[[ Provided material open ]]

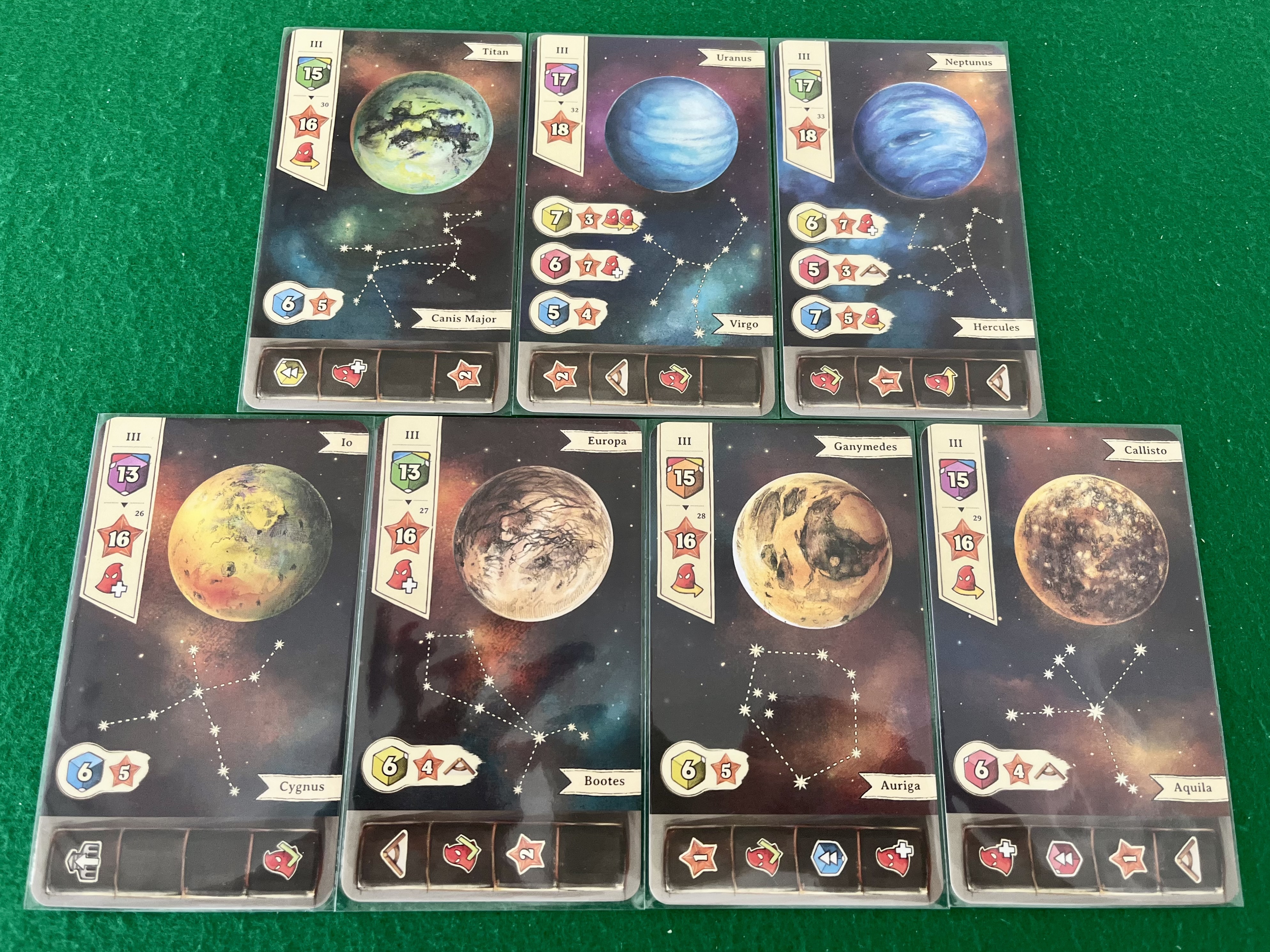 ↑ レベル3の惑星カード。デザインも美しい。箱絵でも分かるが、ガリレオだけに木星の衛星はポイントが高い。天王星の紫17や海王星の緑17など、かなり大きなダイス目を要するので、彗星を活用したい。惑星カードを得たら、90°回転させ図書館に置くと、本棚の一列となる。
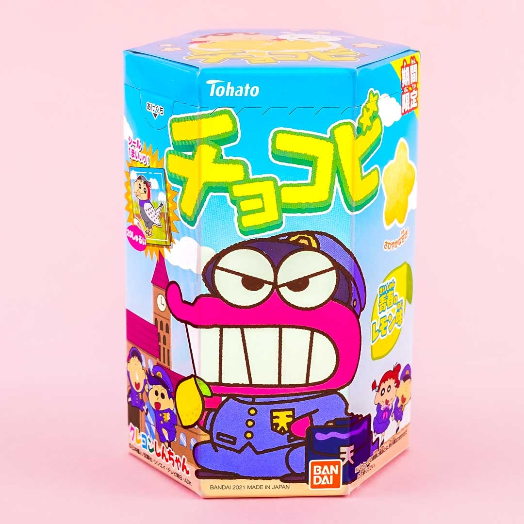This box of star-shaped corn snacks features prints of Crayon Shin-chan characters! Enjoy the revitalizing lemon flavor of these tasty treats. They come with a Crayon Shin-chan character sticker taken from a set of twenty different designs.
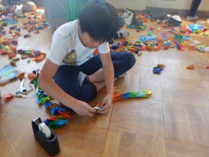 制作チームの人数がぞくぞく集まり,全校の思いをつないでいます。

[[ Provided material closed ]]

# Work task
The line containing "This box of" and every line after it, through the end of the data, are to be output exactly. Omit the pictures.

# Written response
This box of star-shaped corn snacks features prints of Crayon Shin-chan characters! Enjoy the revitalizing lemon flavor of these tasty treats. They come with a Crayon Shin-chan character sticker taken from a set of twenty different designs.
 制作チームの人数がぞくぞく集まり,全校の思いをつないでいます。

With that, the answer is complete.